What is best in life? No, no – no enemy crushing, or anything like that (although I’m as partial to a touch of schadenfreude as the next person). Safety for yourself and loved ones, a sense of purpose, and a feeling of accomplishment or progress. Maybe? I think I’m a bit trying to squish it into the “3 statements format”. This morning I was thinking a bit about feeling accomplished, and wondering how and why sometimes I feel okay with how much I’ve gotten done, while other days I feel frustrated and thwarted in my attempts.  After all, crossing things off my to-do list is a bit like subtracting from infinity; it’s not like it gets any smaller.

I woke late this morning and given everything else we have planned for the day, I had to abandon my plan for a long run – or at least leave it for the evening, which is often a dangerous prospect. But I’m feeling pretty okay about things. I’m not experiencing the sweaty trapped anger and disappointment in myself (that I would then project onto others) that had become so common when I didn’t manage to get to something I’d planned to do.

I’m not really very good at “being gentle” with myself. I feel like I need to be constantly vigilant lest I “get away” with something – like being lazy, or greedy or not meeting whatever commitment I’ve made. So, when some obstacle comes up that gets in the way of my meeting an expected goal, I feel like I need to dig down and find the cause, and usually the cause is something I’ve done or failed to do, so then it’s berate o’clock.

I don’t have time to run this morning because I stayed awake too late last night, because I couldn’t sleep, because I’d had a nap during the day, because of Jet-Lag. Okay, not my fault? Or… I didn’t have time to run this morning because I stayed awake too late last night, because I was watching Orphan Black and got myself wound up drawing and reading the internet, and because I had an extended nap during the day that was way too long, despite the fact that I had a touch of Jet Lag, that wouldn’t have been so bad in the first place if I had just gotten over myself and slept a bit more during my travels.

It’s pretty much the same story, but one version is dressed up in a hell of a lot more blame than the other. Which one do I pick, and why? Today I’m leaning towards the first version, but why? What makes the difference in when I choose to beat myself up, when do I summon that Pointy Plague Doctor to whip me into shape? I think it’s got to do with space. I have more space and time in my life right now, so I’m not catapulted into an “emergency” situation where the failure to complete one task results in catastrophising my entire existence, panicking that I’m never going to complete anything, and destined to live in mediocrity and failure.
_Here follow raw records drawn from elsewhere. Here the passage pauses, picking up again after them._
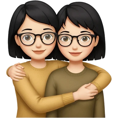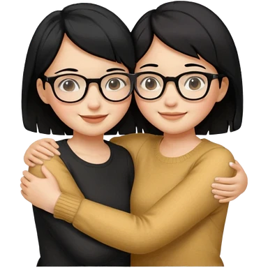 a gif of two wheat skinned girls with black hair, one with glasses hugging each other. the one with glasses is on the left and her right arm is around the one on the right. the right girl has short hair emoji
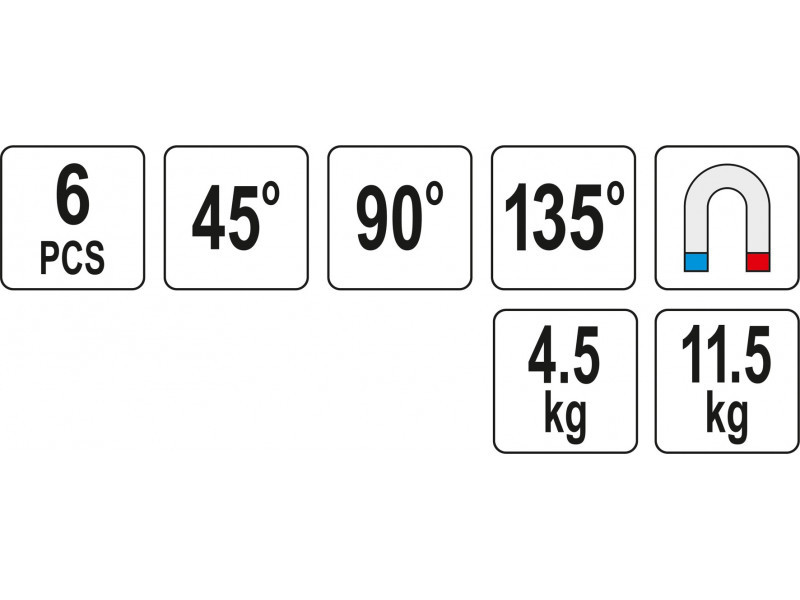 YATO mágneses hegesztési szögkészlet – YT-08678 | 6 db | 4,5 kg / 11,5 kg
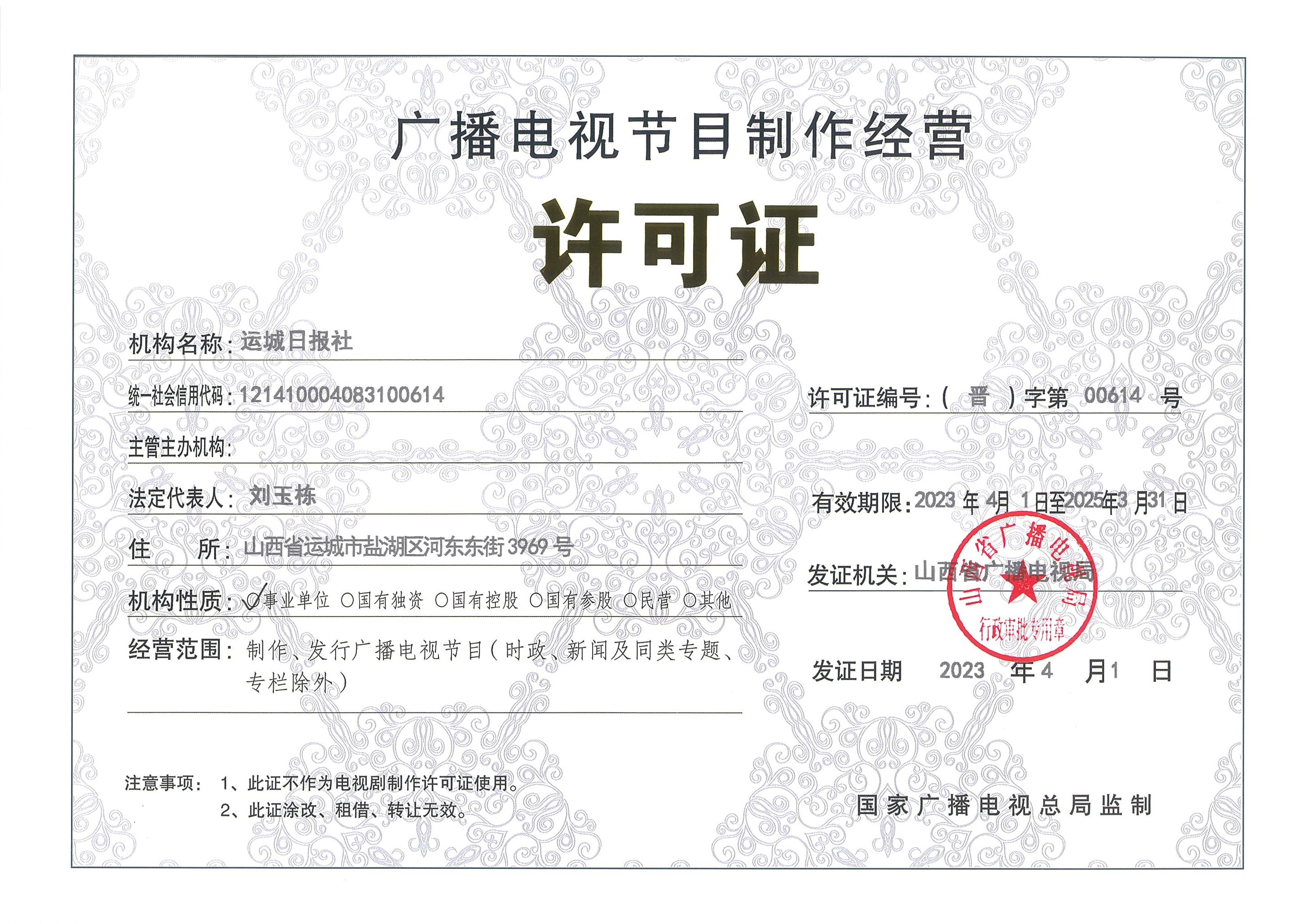 廣播電視節(jié)目制作經(jīng)營許可證 許可證編號:(晉)字第00614號

That seems fairly arbitrary, doesn’t it? Wouldn’t I be happier if I could just choose to always tell myself the gentler story in these situations? When I even imagine doing that though, something rises inside of me going “But! But! But!”. There’s such a strong fear that if I don’t have some strict, internal manager, then I’m going to lounge about an never do anything. I guess I don’t trust myself all that much. I know, that seems a pretty weird statement, even to me, because after all it’s me who’s doing the internal managing and berating. Doesn’t all the science and economics say that you get more out of your employees with kindness and understanding? Even if I just approach this out of logic, rather than compassion, wouldn’t it make more sense to be a little gentler with myself?

I guess these habits have built up over nearly 40 years, these parts of me developed in response to some kind of perceived danger, and their doing the best job they know how to do, given the environment that created them. Trying to tell myself to “just stop thinking like that” or “just stop doing that, think differently, get rid of that mode of behaviour” just results in a panic reaction where those strong internal managers double-down and get even more intense.

But maybe I can think about other ways of introducing some space into my life, especially during times of more busyness and stress. Maybe I can find a pause to breath and think before that cranky manager completely takes over. And maybe these are the months to practice that.